True in some respects

There will be a “train wreck” of a couple of hundred Internet VCs who started out two to three years ago, but those funds account for only 10 percent of the total venture capital under management…The failure of B2Cs and B2Bs ultimately means that VCs will have to go back to basics, spending more time on deals and being satisfied with historical rates of return.
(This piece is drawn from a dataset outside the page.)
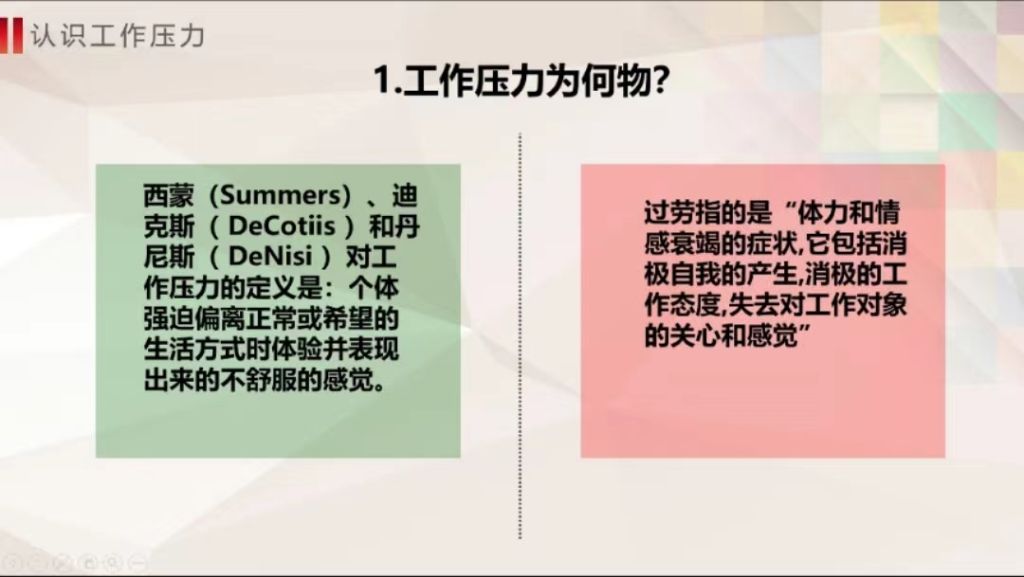 活动首先从看图猜成语的小游戏开始,使大家在舒适,放松的环境中,卸下紧张的状态,随后由驻站社工向大家介绍讲解,压力是如何产生的、压力如何有效缓解等理论知识,通过专业知识的学习,让大家理性看待压力,正确认识压力来源。并向大家讲解了一些科学的减压方法,如运动减压、倾诉减压、饮食减压等,最后通过观看温暖主仆情电影《桃姐》,引导大家正确面对压力,从紧张、烦闷的工作状态中抽离出来的方法,帮助大家学习心理减压自我调节,在有压力时,及时进行自我调适,做到合理解压,拥有健康愉快的生活。

This is where I what I see happening over the next few years. Yes, as has been iterated many times on this site, especially by yours truly, the marketplace was saturated. Yes, people are waking up. And most definitely yes, there were some very stupid ideas out there, though one good comment in the story is that many had good ideas that would have been a lot better becoming part of another business instead of being a stand-alone. Also, I may be wrong, so please correct me if so, but didn’t businesses in the “old days” (ie 10-15 years ago) have to make a go of it a bit more on their own, using personal funds and bank loans, both of which cost them more? On reflecting on that, I suppose many of these companies do, then sell out right away, but were VCs around then, and did they act the same way they do now? These aren’t questions of scorn, moreso RFCs.

Mike (profile) says:

Re: True in some respects

There were VCs around, but it was a very different business. There were much fewer VCs, and they tended to have a different reputation (that is, they weren’t the “rock stars” they are now). It was basically a small club. They didn’t do much to promote themselves at all, and in many ways were looked down upon. They did fund companies, but generally capital intensive companies like semiconductor companies that needed to setup fabs and stuff. The expectation was for returns in the 20 to 40% range, and that a large majority of your investments would fail. They didn’t expect to flip their companies nearly as quickly, either.

Ed says:

VCs wont be hurting

The VCs are not going to be the ones left holding the bag. They funded a bunch of B2C startups, they went public, the VCs flipped enough of their holdings to make a killing while the stock was artifically high, and now the only people who are going to suffer are all the investors who bought into these companies soon after they went public.

Ok, the VCs will probably feel a little hurt on the companies they still have in their portfolio that they can’t take public any more because of lacking minor details like a sane business plan or profits, but that’s minor.